Mountain range in Death Valley, California, U.S.

The Panamint Range is a short rugged fault-block mountain range in the northern Mojave Desert, within Death Valley National Park in Inyo County, eastern California. A small part of the southern end of the range is in San Bernardino County. Dr. Darwin French is credited as applying the term Panamint in 1860 during his search for the fabled Gunsight Lode.

The origin of the name is the Paiute or Koso word Panümünt or Pa (water) and nïwïnsti (person).

==Geography==
The range runs north–south for approximately 100 mi through Inyo County, forming the western wall of Death Valley and separating it from the Panamint Valley to the west. The range is part of the Basin and Range Province, at the western end of the Great Basin.

The highest peak in the range is Telescope Peak, with an elevation of 11043 ft.

==Features==
Both Mount Whitney above the Owens Valley and Badwater Basin in Death Valley are visible from certain vantage points in the Panamint Range, making it one of few places where one can simultaneously see both the highest and lowest points in the contiguous United States.

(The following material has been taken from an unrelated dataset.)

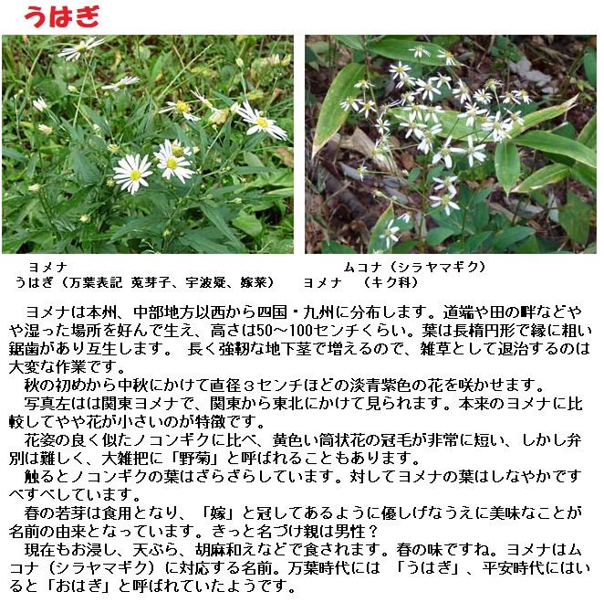 「うはぎ」とは、キク科の多年草の嫁菜(よめな)とされています。田のあぜ道などで見ることができます。7月~10月にかけて淡い紫色の花をつけます。なお、写真はカントウヨメナで関東から東北にかけてみることができます。中部地方から西に見ることができる「ヨメナ」より花がひとまわり小さいのです。

Dante's View east of Death Valley is another.

Being a sky island habitat of the Mojave Desert, with more precipitation and temperature variation than the desert floor and hills, there are various plant and animal species endemic to the Panamint Range.

===Mining===
The Panamint Mining District is on the western side of the Panamint Range. Panamint City (est. 1873) was a mining town in the district, formerly in the central section of the range. The historic mining community of Ballarat (est. 1890s), also in the district, is now a ghost town. The Gold Hill Mining District (est. 1875) was in the southwestern section of the range, at the northeast end of Butte Valley.

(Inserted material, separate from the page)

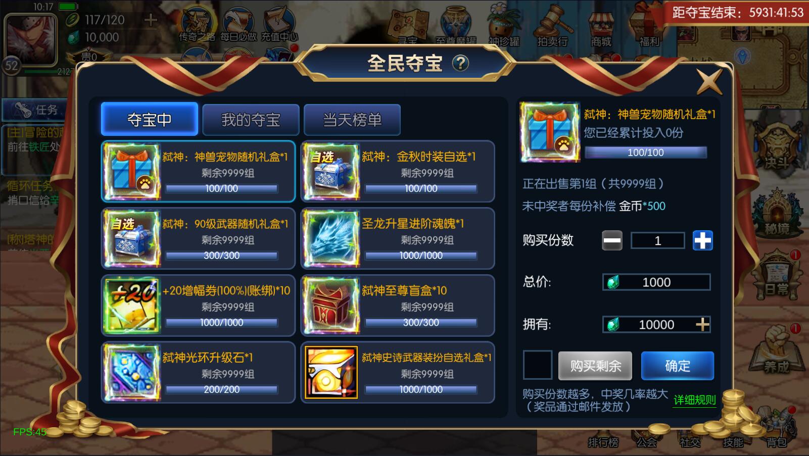 5.剑魂大拔刀,神兽宠物14个+自选、随机礼盒

The Wildrose Charcoal Kilns (completed 1877) are ruins of charcoal kilns located near Wildrose Canyon in the northern range and within Death Valley National Park. They were built in 1877 by the Modock Consolidated Mining Company, to provide fuel for smelters near their lead and silver mines in the Argus Range. The ten beehive shaped masonry structures, about 25 ft tall, are the best known surviving examples of such charcoal kilns in the western U.S.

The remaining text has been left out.